Mammography and related newer techniques
MR spectroscopy helps to predict tumour metabolites |
Discussion about onco-imaging cannot be complete without mammography. Mammography screening programmes helps for early detection of breast cancer, thus reducing death from breast cancer. Computer aided detection helps to pick up cancer, missed on mammography.
Elastography uses principle of the tissue’s distortion (strain) under an applied stress (e.g., compression via the transducer), known as elasticity imaging or elastography. The images produced have very high contrast and may significantly improve lesion detection within the breast, prostate and liver.
HIFU
HIFU or high-intensity focused ultrasound surgery, as a therapeutic technique is not a new concept but recent advances in probe design and alternate ultrasonic imaging methods make it likely to become a realistic clinical tool in the near future. HIFU uses a highly focused ultrasound beam to coagulate a well-defined volume of tissue by heating it to above 50 degree celcius. Maintenance of this temperature for one to seconds results in cell death, and a single ultrasound exposure destroys a cigar-shaped volume of tissue of 0.5 ml. The surrounding tissue is not damaged and there is a very sharp line of demarcation between coagulated and viable tissue. This completely non-invasive technique has been used to treat malignant tumours of the liver, prostate and kidney and benign breast via a percutaneous or transrectal approach without the need for general anaesthesia. Currently, HIFU tissue ablation damage is best observed using MRI, however it often renders the treatment cumbersome and expensive. Since B-mode ultrasound cannot distinguish between coagulated and normal tissue, alternate ultrasonic imaging methods such as elastography, reflex transmission imaging and thermal imaging are likely candidates to depict the tissue damage. HIFU could also be deployed intraoperatively, e.g., in the treatment of liver metastases.

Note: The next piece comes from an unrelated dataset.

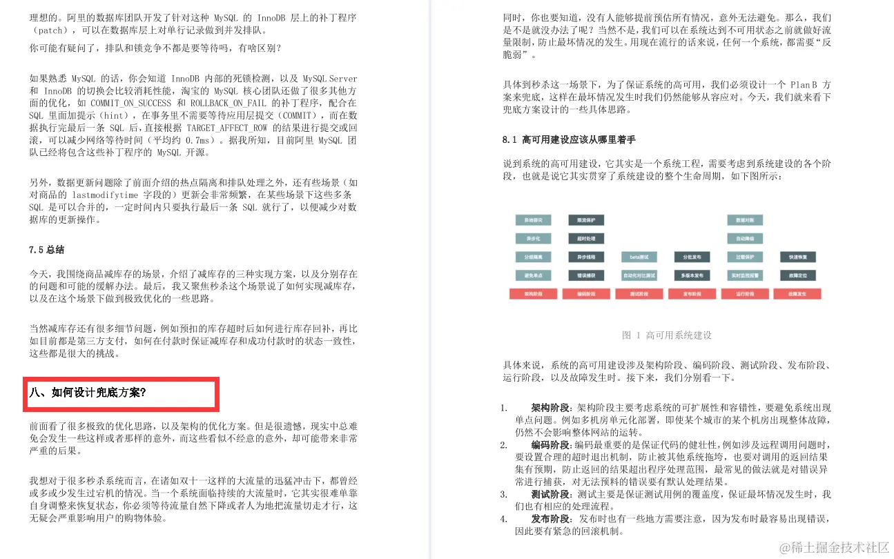 - .高可用。虽然我介绍了很多极致的优化思路,但现实中总难免出现一些我们考虑不到的情况,所以要保证系统的高可用和正确性,我们还要设计一个 PlanB来兜底,以便在最坏情况发生时仍然能够从容应对。专栏的

Ultrasound drug and gene delivery
PET/ CT picks up disease activity and reduces false positive findings |
Exposure to ultrasound causes a transient increase in cell membrane permeability, an effect known as sonoporation. Using this technique, tissues can be targetted to stimulate cellular uptake of a drug (e.g., a chemotherapeutic agent) or a gene. Sonoporation requires high acoustic powers (higher than that used in diagnosis and equivalent to those used in physiotherapy) but the power needed is markedly reduced when micro bubbles are also present. A drug or gene can be incorporated in or on the surface of the micro bubbles and tracked in the circulation with an imaging beam; when they are exposed to high power US, the micro bubbles rupture, releasing the agent near the target tissue. In the case of oncological drugs, this has the advantage of decreasing the dose of the drug needed, so reducing systemic side effects. Encouraging initial in vitro studies have demonstrated sonoporation without inducing cell death.
Conclusion
This topic of newer advances in onco imaging is unending. Though the list may look elaborate, it is only like tip of iceberg. Still newer and better applications are emerging. Be it contrast enhanced ultrasound or MR lymphangiography, ongoing research will throw light into clinical and advanced applications of many such techniques. No cancer patient can do without digital radiograph, mammogram, periodic ultrasound or cross-sectional imaging. Evolving role of PET CT will help for accurate staging and hence further management. Future developments with advent of molecular imaging and many more advances will eventually help to increase overall life expectancy.